The cardinal rule in a gay bar is never talk about politics, religion, and if you are over 40, your real age. I’ve already broken the first and last admonitions and I am barely 500 words in. I will go for the trifecta: Religion will pop up in my conversations.

The older I become, the more I believe in the need for forming communities, and often those are communities bound by shared beliefs and values, and that may include religion. Many of the stories in Tales of the Lavender Twilight are about just that.

No, it is not the division of politics that is worthy of exploration, but rather the multiplication of living that is.
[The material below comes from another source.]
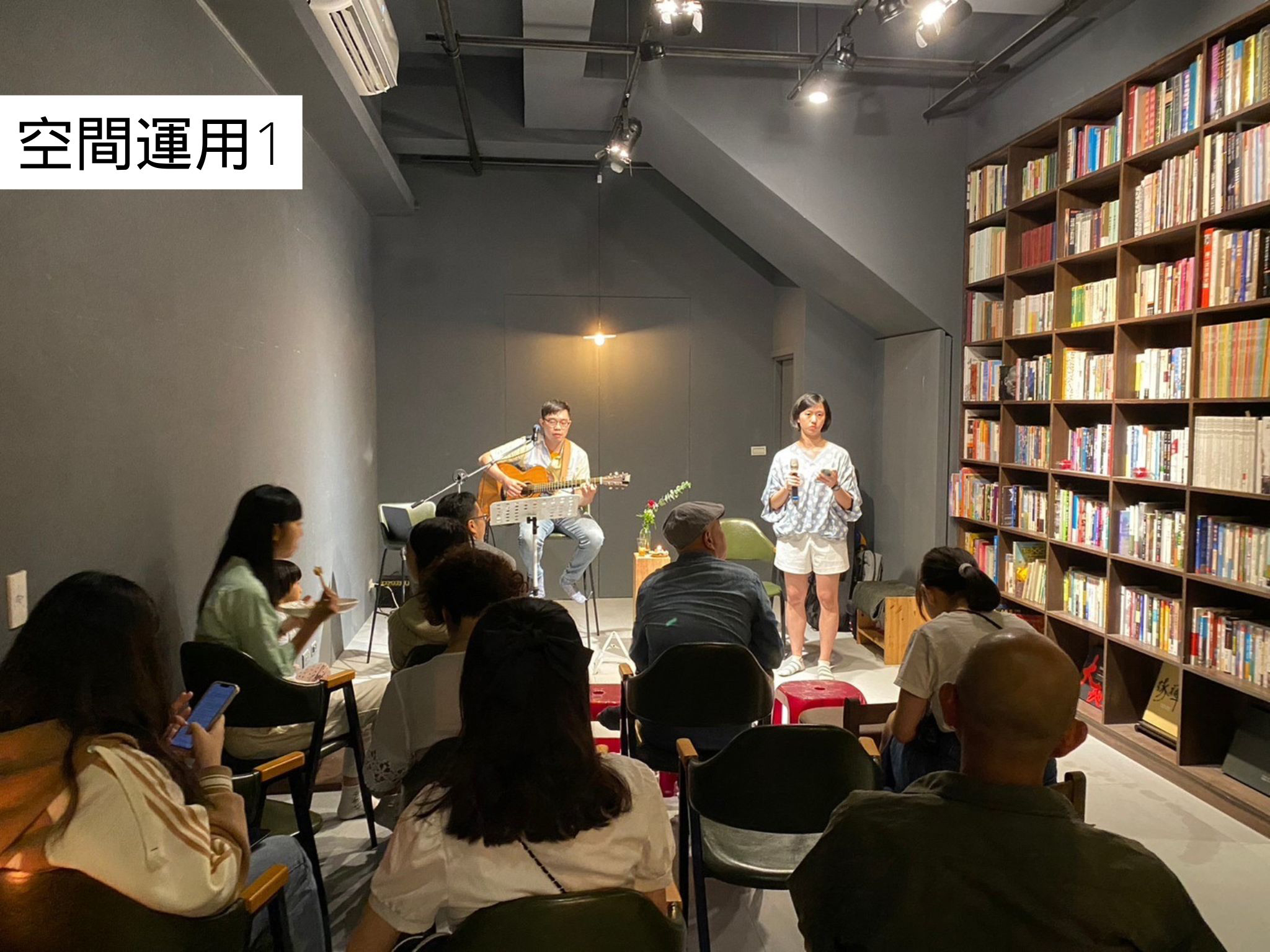 基本日光照明、鏡牆、木地板、冷氣、冷熱飲水機、手握麥克風、無線網路Wifi、延長線、電風扇、藍芽音響(無CD播放)、皮椅14張、高腳椅5張、方桌7張、矮木椅2張、塑膠椅(矮)10張、塑膠椅(中)4張、塑膠椅(高)9張、長桌1張
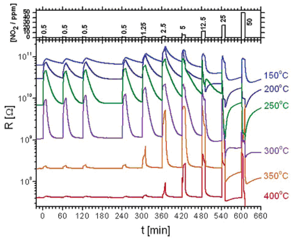 The resistance response during cyclic exposure to 10 min pulses with increasing concentrations of NO2 mixed in dry air at various operating temperatures [31].

And there is nothing more wondrous than the multiplication of words – whether in a lyric or a piece of fiction or a poem.

Stephen Sondheim, Sunday in the Park with George: “The choice may have been mistaken, the choosing was not, you have to move on.”

James Joyce, The Dead: ”His soul swooned slowly as he heard the snow falling faintly through the universe and faintly falling, like the descent of their last end, upon all the living and the dead.”

Lord Alfred Tennyson, Ulysses: “Death closes all: but something ere the end, some work of noble note, may yet be done, not unbecoming men that strove with Gods.”

Then of course, there is Chuckles the Clown: “A little song, a little dance, a little seltzer down your pants.”

Yes, there is much for us to discuss and if I have one ambition in this endeavor, it is to foster dialogue and discourse about the lofty and the ridiculous.

This initial blog is but an introduction. I am not Alfred Döblin. I am Alfred P. Doblin.